* PROMPT *
Omit any pictures, and restate word for word only the lines from the one with "Confirmo que estoy" through the end of the data below.

Segment Start: AVAILABLE DATA

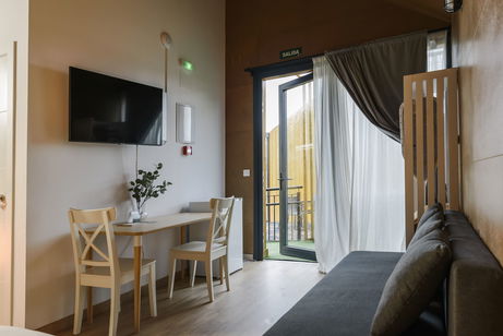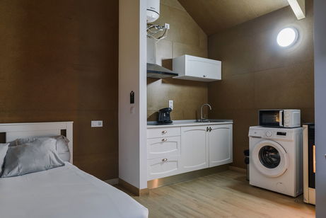 Dispone de una cama de 150 cm, armario, escritorio, TV de pantalla plana, baño privado, cocina completa, conexión Wi-Fi gratuita.
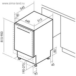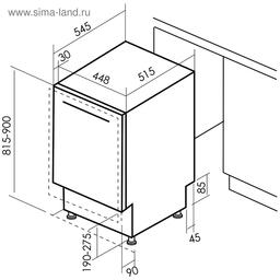Посудомоечная машина MBS DW-455, встраиваемая, класс А++, 9 комплектов, 5 программ
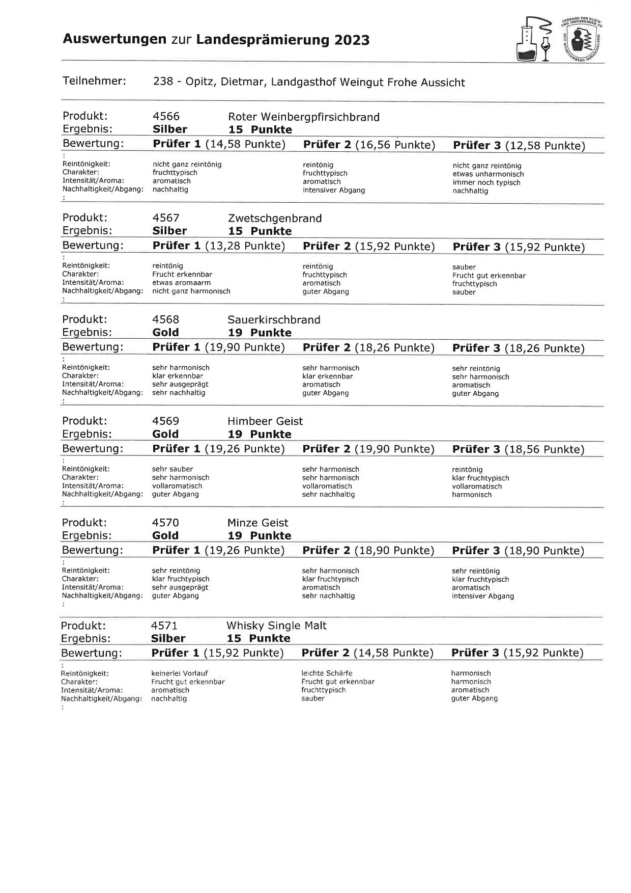 Landesprämierung von Edelbränden und Likören3x Gold & 3x Silber
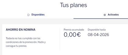 Confirmo que estoy apuntado porque usando el enlace directo sale que no puedo volver a apuntarme y en la promos activas sale la de ahorro en nomina
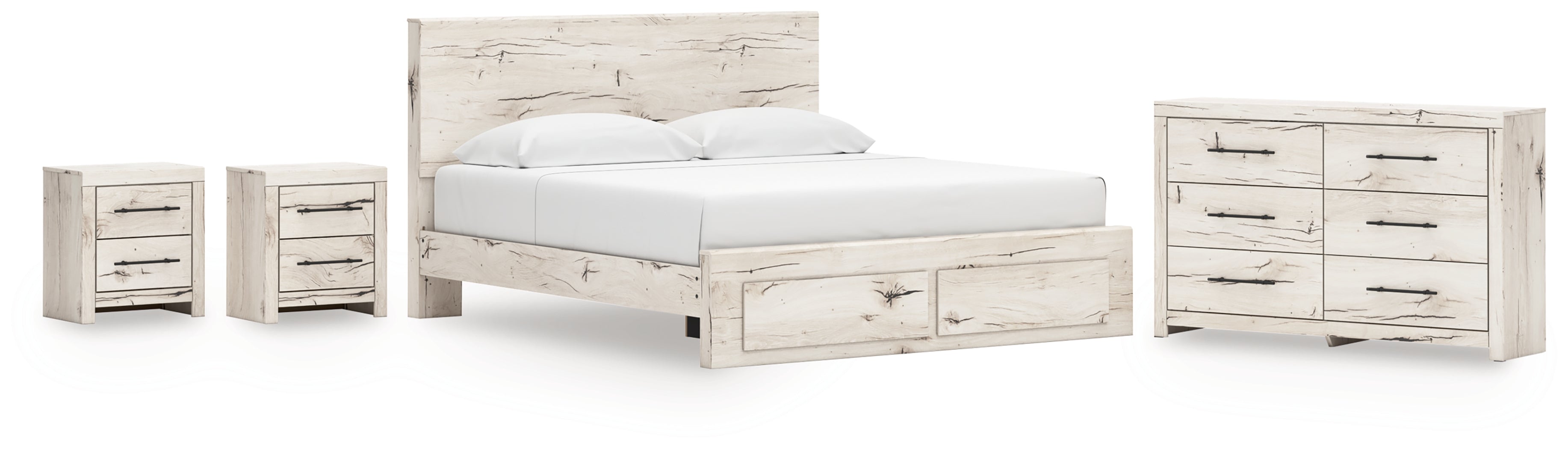 Lawroy King Panel Storage Bed with Dresser and 2 Nightstands in Light Natural

Segment End: AVAILABLE DATA

* RESPONSE TO THIS TASK *
 Confirmo que estoy apuntado porque usando el enlace directo sale que no puedo volver a apuntarme y en la promos activas sale la de ahorro en nomina
 Lawroy King Panel Storage Bed with Dresser and 2 Nightstands in Light Natural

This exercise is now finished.